For example, a sequence locate agent 508 may perform an initial search for gene sequences in need of annotation. This sequence locate agent 508 may, for example, seek out full length sequences in the database 403 generated by the sequence finishing agent set 35.
An inconsistency agent 510 may then obtain information from an external source such as an e-mail system which creates results records 18 in the full length database 403 indicating the annotations made by human technicians. For example, the particular inconsistency agent 510 receives e- mail messages from the technicians indicating that, for example, a particular sequence did not assemble properly. A translation agent 511 may be used to convert DNA type sequence information contained in the full length database 403 to other forms such as a predicted protein sequence. The results of the conversion are then stored as results records 18 as for the other agents described above. A sequence comparison agent 512 may be tasked with searching through the full length database 403 to find sequences related to the particular sequences assembled by the sequence locating agent 508. In particular, information as to sequence analogues that may be available in public sequence databases 540. The comparison agent 512 is thus a particular instance of the agent 34 previously described in connection with FIG. 1.
Finally, the key word processing agent 513 in one example of an agent which obtains annotation information for the full length sequences from various external databases. These databases, may for example, include access to public resources such as the MedLine database 520, Internet search engines 521 such as Lycos or Alta Vista, a local information database 522 produced by the laboratory, or other information such as may be available from a public database such as ProSite.
While this invention has been particularly shown and described with references to the preferred embodiments thereof, it will be understood by those of skill in the art that various changes in form and details may be made therein without departing from the spirit and scope of the invention as defined by the appended claims.

Claims

CLAIMS What is claimed is:
1. A genetic database system comprising: a database of gene sequence entries, the gene sequence entries containing gene sequence data; a plurality of programs for processing the gene sequence data; a database of results entries containing results records generated by the application of the programs to the gene sequence entries; a plurality of autonomous agent programs, each agent program comprising:
(A) a sensor process that seeks target gene sequence data to be processed by at least one of the programs,- (B) an intelligence process that invokes the at least one program to process the target gene sequence data; and
(C) an effector process for revising the results records in response to the intelligence process.
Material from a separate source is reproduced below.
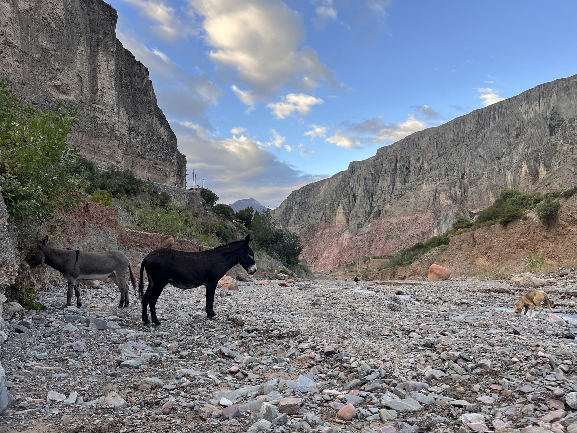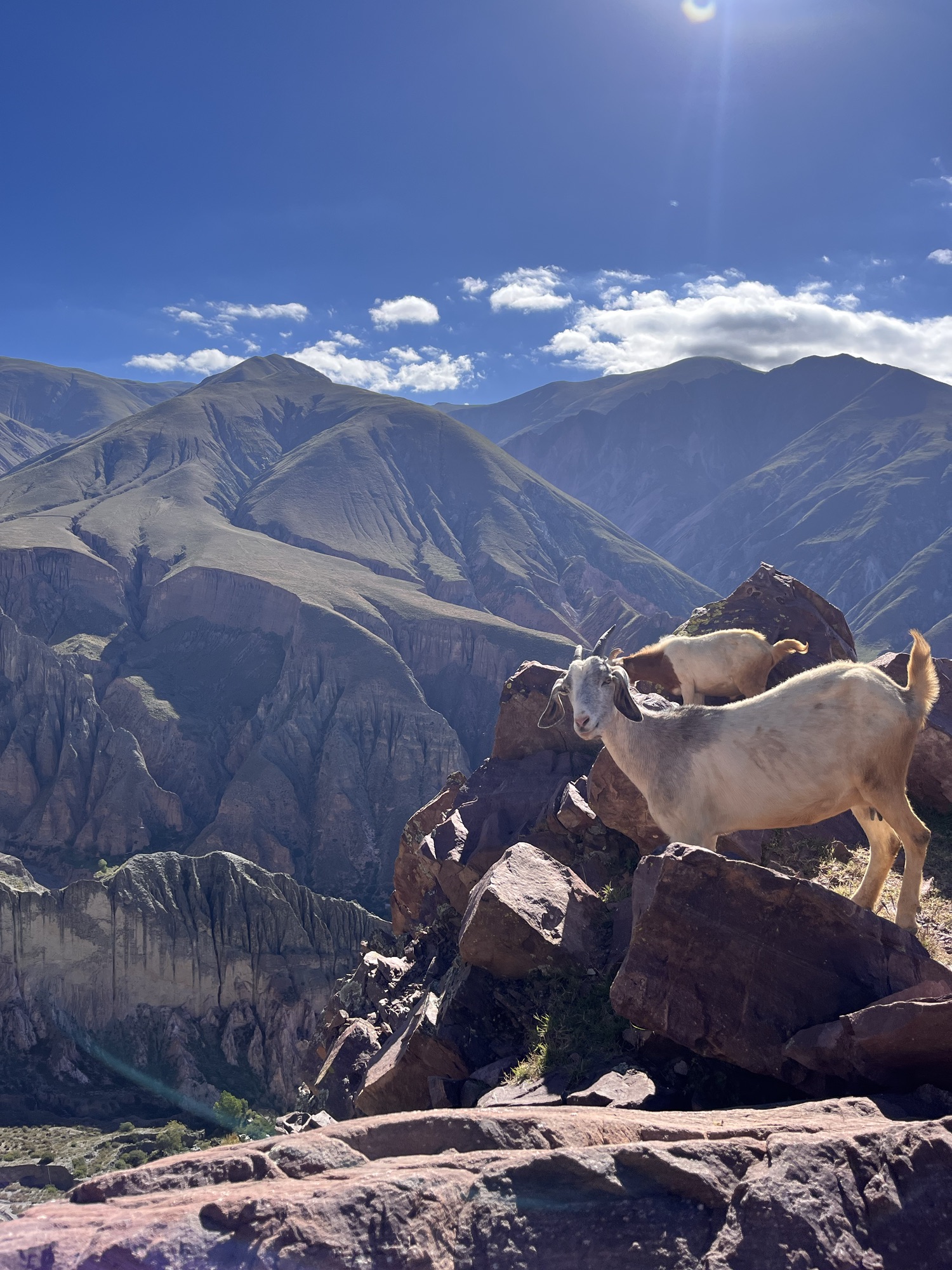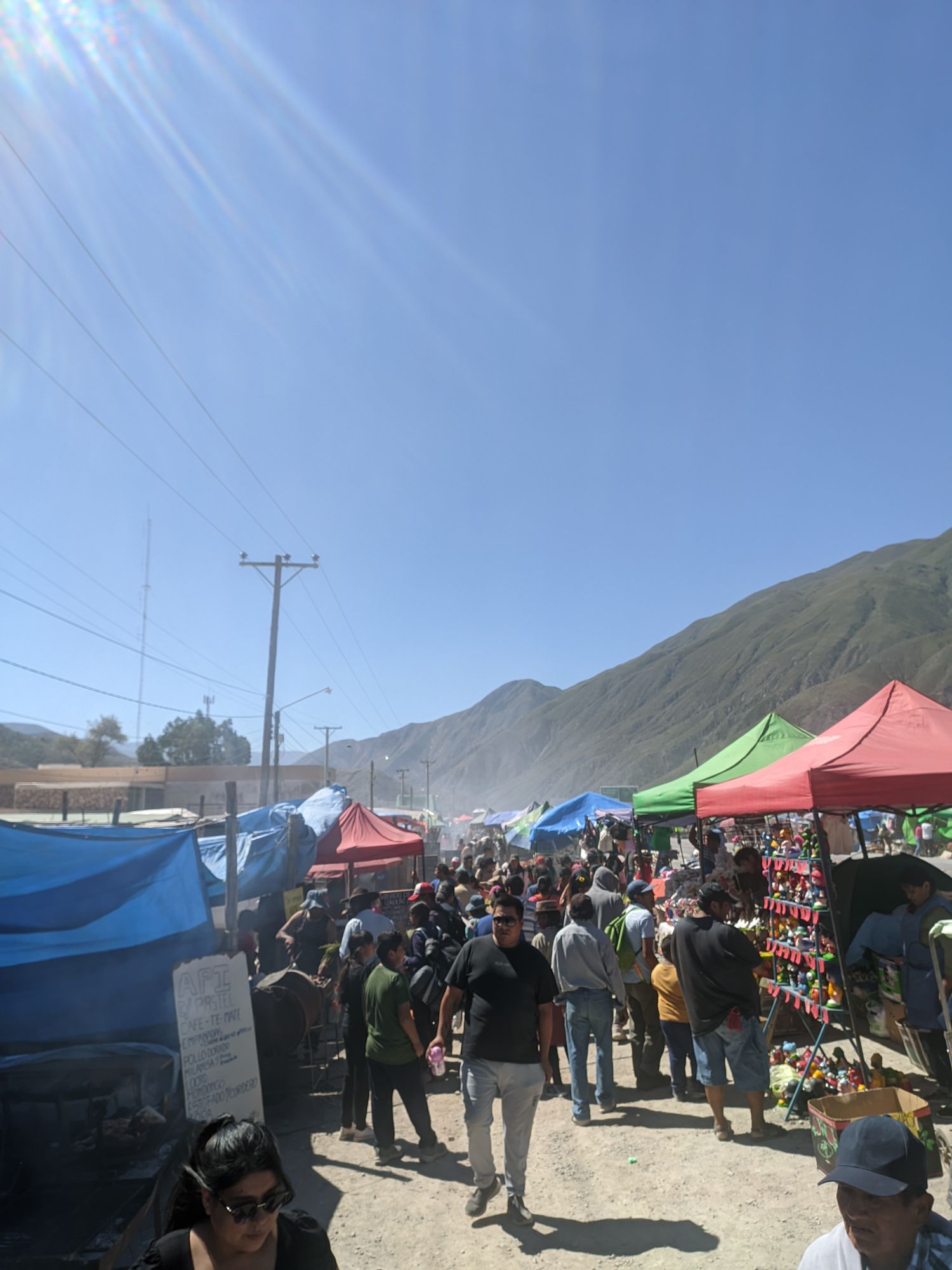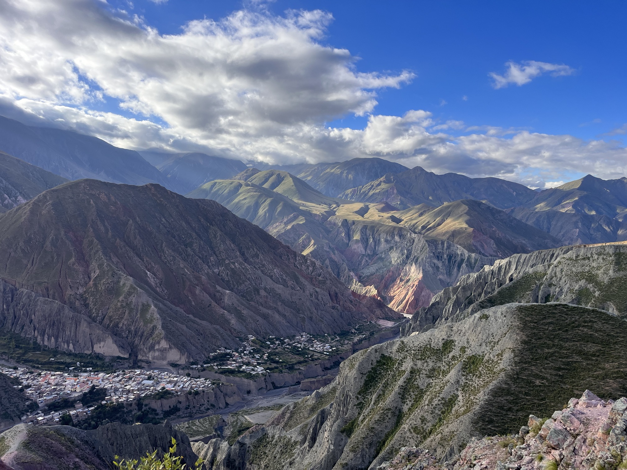 Een beetje verder noord nemen we een bus van 3 uur naar een klein dorpje verstopt tussen de gigantische bergen. De weg ernaartoe is gevaarlijk en in heel slechte staat, iets dat met ons klein autootje niet zou lukken. Ook hier wandelen we naar een uitkijkpunt boven de stad, en de 3000m hoogte maakt ons wel wat sneller buiten adem als normaal. We genieten van het uitzicht met een yerba mate, en worden verrast door een gigantische condor die vlak boven ons hoofd passeerd!

2. A database system as in claim 1 wherein each autonomous agent records annotations in the results records in accordance with output produced by at least one program.
3. A database system as in claim l wherein each autonomous agent includes a sensor process that determines the availability of system resources.
4. A database system as in claim 1 wherein the sensor process additionally invokes the intelligence process.
5. A database system as in claim 1 wherein the effector process calls a sensor process for processing other target gene sequence data.
6. A database system as in claim 1 wherein the agents run as self-invoking processes in a multitasking data processing environment.
7. A database system as in claim l wherein the agents include an effector process which revises the results entries with a gene sequence annotation record.
8. A database system as in claim 1 wherein the results records include a flag record indicating that a particular version of the program has processed at least one of the gene sequence entries .
9. A database system as in claim l wherein the results record contains output produced by at least one program.
10. A database system as in claim 1 wherein the agents are implemented as object oriented programs.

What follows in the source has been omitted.